You might need to prod @NCWoodSmith and see if some of his local tree service guys dropped any NIP recently. He is closer to where it's at. Zone 9a will drop a NIP from frostbite unless it's protected so I doubt any of our local is NIP. If only folks knew what was in the dump in the other fellows area! To Texas desert dwellers, cactus and mesquite is trash, to Florida folks, palms, NIP, and camphor are given away for clean up, in the NW coastal areas, BLM burl is left to rot quite often, here in Tennessee Rock maple is often left to rot in the yards because it isn't the "best" firewood. And on and on...

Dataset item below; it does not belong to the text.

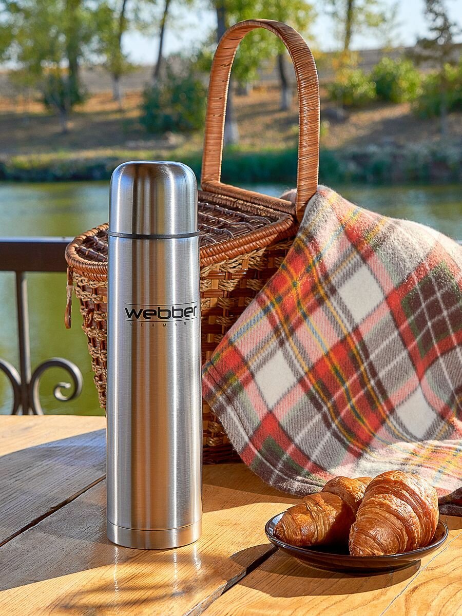Термос Weber, SS-750P, 750 мл, нержавеющая сталь, пробка с кнопкой для наливания, стальной

Reactions: Agree 2 | Useful 1


----------



## Jonkou (Apr 22, 2022)

Ron Kent (RIP) was one of my mentors back in the 90’s. He had a huge tank of oil to submerge the pieces then set on a screen to drip dry over the outdoor tank, sand, dip again, sand, dip… works great in HI. Kelly Dunn from the big island is well known for the translucent NIP pieces as well. NIP is a versatile artistic wood and a pleasure to turn.

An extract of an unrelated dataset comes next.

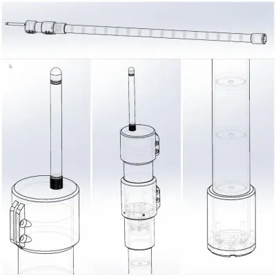 LoRa راهحل فوقالعادهای برای ارتباطات بیسیم برد طولانی و مصرف کم انرژی است (و با توجه به تعداد پروژههای مبتنی بر آن، بسیار محبوب است)؛ LoRaTube یک تقویتکننده خودکار را فراهم میکند که کاملاً درون یک لوله PVC قرار دارد. در بالای لوله آنتن نصب میشود و داخل آن تمام سختافزارهای ضروری به همراه انبوهی از سلولهای قلیایی اندازه D قرار گرفتهاند که منبع تغذیه با بافر سوپرکاپ طراحیشده توسط خود او را تأمین میکند. این دستگاه ضدآب، ارزانقیمت، خودکفا است و بهدلیل مصرف بسیار پایین در حالت انتظار، طبق برآوردهای [Bertrand] میتواند حدود پنج سال دوام داشته باشد.

Checked out the white pine down the street, don’t see any 12” with branches.

Reactions: Like 1


----------



## Mike Hill (Apr 22, 2022)

Ron Kent a mentor = that's cool! Way cool!!!! I think I've read it was a 100 gal tank of oil with scrounged wire refrigerator shelves for draining. 

I guess that pine was grown in close quarters. Around here if you can find one growing uncrowded they have radiating limbs in all directions.

Reactions: Like 1


----------



## NCWoodSmith (Apr 28, 2022)

2feathers Creative Making said:


> You might need to prod @NCWoodSmith and see if some of his local tree service guys dropped any NIP recently. He is closer to where it's at. Zone 9a will drop a NIP from frostbite unless it's protected so I doubt any of our local is NIP. If only folks knew what was in the dump in the other fellows area! To Texas desert dwellers, cactus and mesquite is trash, to Florida folks, palms, NIP, and camphor are given away for clean up, in the NW coastal areas, BLM burl is left to rot quite often, here in Tennessee Rock maple is often left to rot in the yards because it isn't the "best" firewood. And on and on...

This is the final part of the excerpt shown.